Execution — db-05 LSM MemTable

Library API (Rust shape; mirrored in Go and C++)

#![allow(unused)]
fn main() {
pub enum Entry { Value(Vec<u8>), Tombstone }

pub struct MemTable { /* sorted map */ }

impl MemTable {
    pub fn new() -> Self;
    pub fn len(&self) -> usize;
    pub fn size_bytes(&self) -> usize;
    pub fn put(&mut self, key: &[u8], value: &[u8]);
    pub fn delete(&mut self, key: &[u8]);
    pub fn get(&self, key: &[u8]) -> Option<&Entry>;
    pub fn iter(&self) -> impl Iterator<Item = (&[u8], &Entry)>;
    pub fn encode(&self) -> Vec<u8>;
    pub fn decode(bytes: &[u8]) -> Result<Self, Error>;
}
}

Go: func New() *MemTable, func (*MemTable) Put / Delete / Get / Iter / Encode, func Decode([]byte) (*MemTable, error).
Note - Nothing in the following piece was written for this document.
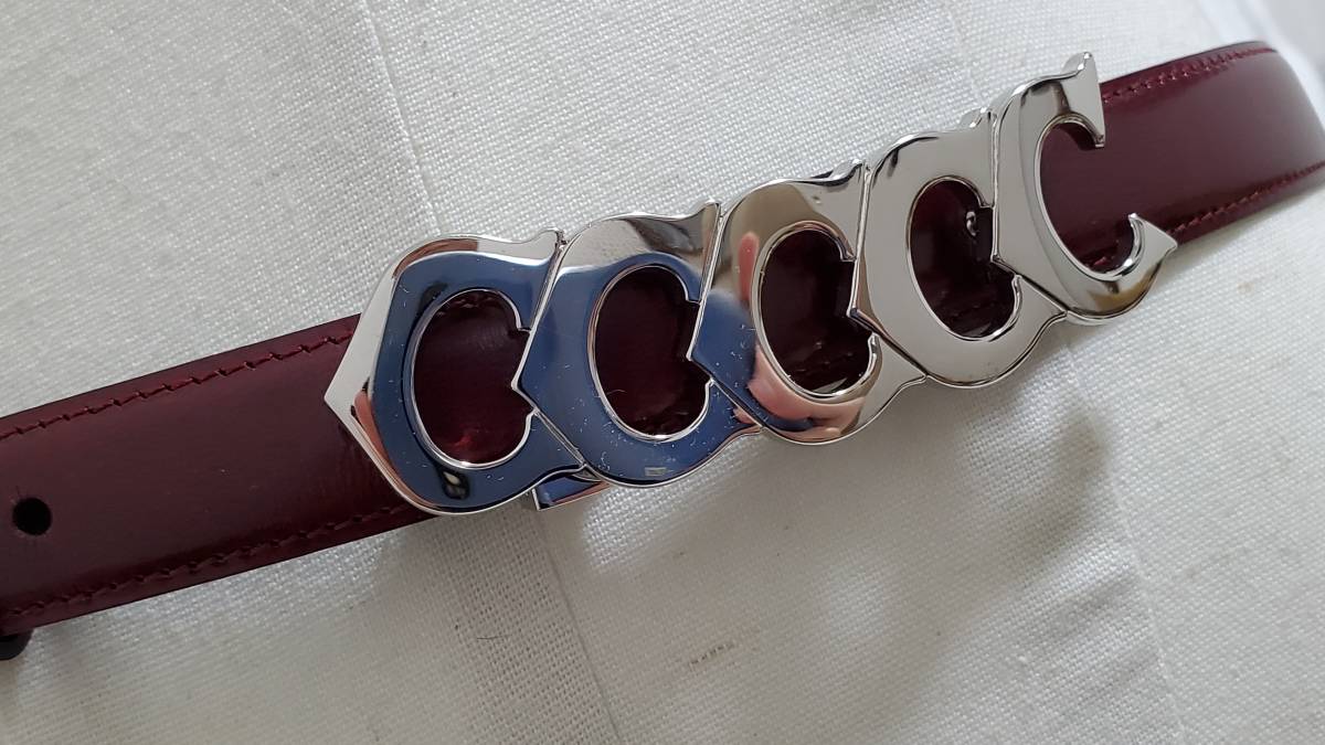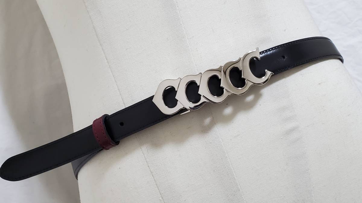 - 正規美 レア Cartierカルティエ 5連ロゴ コンビネーションCバックル レザーベルト 赤×黒 81~94 調節可 クラシックラグジュアリー 男女兼用

Iter yields a slice of (key, entry) pairs in sorted order.

C++: class MemTable with the same names; Iter() returns a const reference to the underlying std::map.

CLI: memtable

memtable <subcommand> [args]

Subcommands:
  new PATH                       create an empty MemTable at PATH
  put PATH KEY VALUE             open PATH, put, save
  del PATH KEY                   open PATH, delete (writes tombstone), save
  get PATH KEY                   print 'value: <hex>' | 'tombstone' | 'absent'
  iter PATH                      print one line per entry: TYPE KEY VALUE  (hex)
  bulk PATH N                    open or create PATH, insert key0..key{N-1}
                                 with values val0..val{N-1}, save
  size PATH                      print 'entries=N size_bytes=B'

Iter output format (deterministic, used by cross-test):

V <hex-key> <hex-value>
T <hex-key>

Hex is lowercase, no 0x prefix, no separators.

Build & test

Per language:

# Rust
cd src/rust && cargo test --release && cargo build --release

# Go
cd src/go && go test ./... && go build -o bin/memtable ./cmd/memtable

# C++
cd src/cpp && cmake -S . -B build -DCMAKE_BUILD_TYPE=Release \
            && cmake --build build && ( cd build && ctest --output-on-failure )

Or run all at once:

bash scripts/verify.sh

Cross-language interop test

scripts/cross_test.sh:

  1. Build all three binaries.
  2. Drive each one through the same sequence of bulk 100, a handful of puts with overwrites, and a handful of dels.
  3. SHA-256 each dump; assert all three match.
  4. For each writer/reader pair, run iter and check the output is byte-identical.

If any pair differs, the script prints the failing combination and exits non-zero.

Manual playground

$ memtable new /tmp/m.bin
$ memtable put /tmp/m.bin alpha "first"
$ memtable put /tmp/m.bin beta  "second"
$ memtable put /tmp/m.bin alpha "first-updated"   # overwrite
$ memtable del /tmp/m.bin beta                    # tombstone
$ memtable iter /tmp/m.bin
V 616c706861 66697273742d75706461746564
T 62657461
$ memtable get /tmp/m.bin alpha
value: 66697273742d75706461746564
$ memtable get /tmp/m.bin beta
tombstone
$ memtable get /tmp/m.bin gamma
absent
$ memtable size /tmp/m.bin
entries=2 size_bytes=37

37 = 8 (header) + (9+5+13) + (9+4+0) = 8 + 27 + 13 — two entries with key "alpha"/value "first-updated" and tombstone for key "beta".

What broken looks like

SymptomLikely cause
Cross-test SHA mismatch on first byte setMagic disagreement (must be ASCII MMT1).
Cross-test SHA mismatch mid-fileEndianness or type byte placement differs.
iter order differs across langsGo's map iteration order; missed the sort.Strings.
get returns absent after delTombstone not stored, only erased.
Decoder accepts trailing garbageForgot the "consumed all bytes" check.